Fans were banned from the pandemic-postponed Tokyo Olympics which will open in two weeks, Tokyo Governor Yuriko Koike said after meeting with IOC and Japanese organizers on Thursday.
The ban came hours after a state of emergency in the capital starting from Monday, declared by Japanese Prime Minister Yoshihide Suga to contain rising COVID-19 cases.
The twin decisions have turned the Olympics into a made-for-TV event in a decision pushed by the Japanese government and supported by the International Olympic Committee.
“Many people were looking forward to watching the games at the venues, but I would like everyone to fully enjoy watching the games on TV at home,” Koike said after the meeting.
Fans from aboard were banned months ago, and the new measures will clear venues around Tokyo — indoor and outdoor — of any fans at all.

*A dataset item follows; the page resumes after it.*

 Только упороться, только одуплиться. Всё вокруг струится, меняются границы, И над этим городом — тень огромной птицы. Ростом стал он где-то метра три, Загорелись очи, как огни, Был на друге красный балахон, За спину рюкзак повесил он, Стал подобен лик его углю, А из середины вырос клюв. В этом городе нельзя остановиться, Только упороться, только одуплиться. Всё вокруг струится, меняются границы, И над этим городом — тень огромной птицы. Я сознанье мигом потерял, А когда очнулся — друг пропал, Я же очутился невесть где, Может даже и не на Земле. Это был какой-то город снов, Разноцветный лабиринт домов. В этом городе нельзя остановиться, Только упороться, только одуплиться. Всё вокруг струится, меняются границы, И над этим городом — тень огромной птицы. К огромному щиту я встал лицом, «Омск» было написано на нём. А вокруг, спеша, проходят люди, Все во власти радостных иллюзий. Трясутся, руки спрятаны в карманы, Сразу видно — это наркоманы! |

The emergency declaration made for a rude arrival in Japan for IOC President Thomas Bach, who landed in Tokyo on Thursday just hours before the new measures were announced. He was to spend three days in self-isolation at the five-star hotel that lodges IOC members.

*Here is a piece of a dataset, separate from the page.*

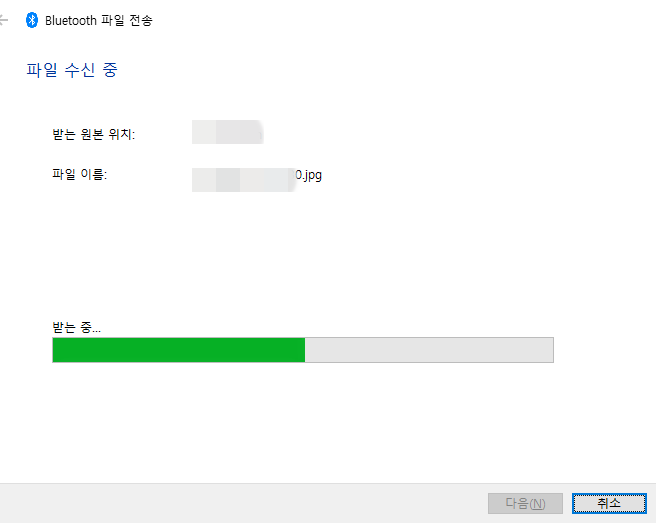 블루투스 연결이 되고나면, 아래와 같이 파일 전송이 시작됩니다.

Suga said the state of emergency would go into effect on Monday and last through Aug. 22. This means the Olympics, opening on July 23 and running through Aug. 8, will be held entirely under emergency measures. The Paralympics open on Aug. 24.
“Taking into consideration the impact of the delta strain, and in order to prevent the resurgence of infections from spreading across the country, we need to step up virus prevention measures,” Suga said.
Suga, who had long favored fans, hinted at a no-fan Olympics in announcing the state of emergency.
“I have already said I won’t hesitate to have no spectators,” he added.
Just two weeks ago, organizers and the IOC allowed venues to be filled to 50% of capacity but crowds not to exceed 10,000. The state of emergency has forced a late turnaround, which was always an option if infections got worse.
“We will have to consider the option of no spectators,” Marukawa said in opening remarks with the IOC and others as they went into meetings to discuss a ban on fans.
The main focus of the emergency is a request for bars, restaurants and karaoke parlors serving alcohol to close. A ban on serving alcohol is a key step to tone down Olympic-related festivities and keep people from drinking and partying. Tokyo residents are expected to face stay-home requests and watch the games on TV from home.
“How to stop people enjoying the Olympics from going out for drinks is a main issue,” Health Minister Norihisa Tamura said.
The present state of emergency ends Sunday. Tokyo reported 896 new cases on Thursday, up from 673 a week earlier. It’s the 19th straight day that cases have topped the mark set seven days prior. New cases on Wednesday hit 920, the highest total since 1,010 were reported on May 13.
The no-fan atmosphere will include the opening ceremony at the $1.4 billion National Stadium, which is traditionally the most watched event during the Olympics.
“It’s not too late. Cancel or postpone it,” said Yukio Edano, the head of the Constitutional Democratic Party of Japan, the largest opposition party to Suga’s LDP
The uptick in infections has also forced the Tokyo city government to pull the Olympic torch relay off capital streets, allowing it to run only on remote islands off the Tokyo coast. It’s unclear how the torch will enter the stadium for the opening ceremony.
“The infections are in their expansion phase and everyone in this country must firmly understand the seriousness of it,” Dr. Shigeru Omi, a top government medical adviser, said.
He urged authorities to quickly take tough measures ahead of the Olympics, with summer vacations approaching.
Omi has repeatedly called for a ban on spectators, and has said it’s “abnormal” to hold the Olympics during a pandemic.
Separately, a government COVID-19 advisory panel met Wednesday and expressed concerns about the ongoing resurgence of the infections.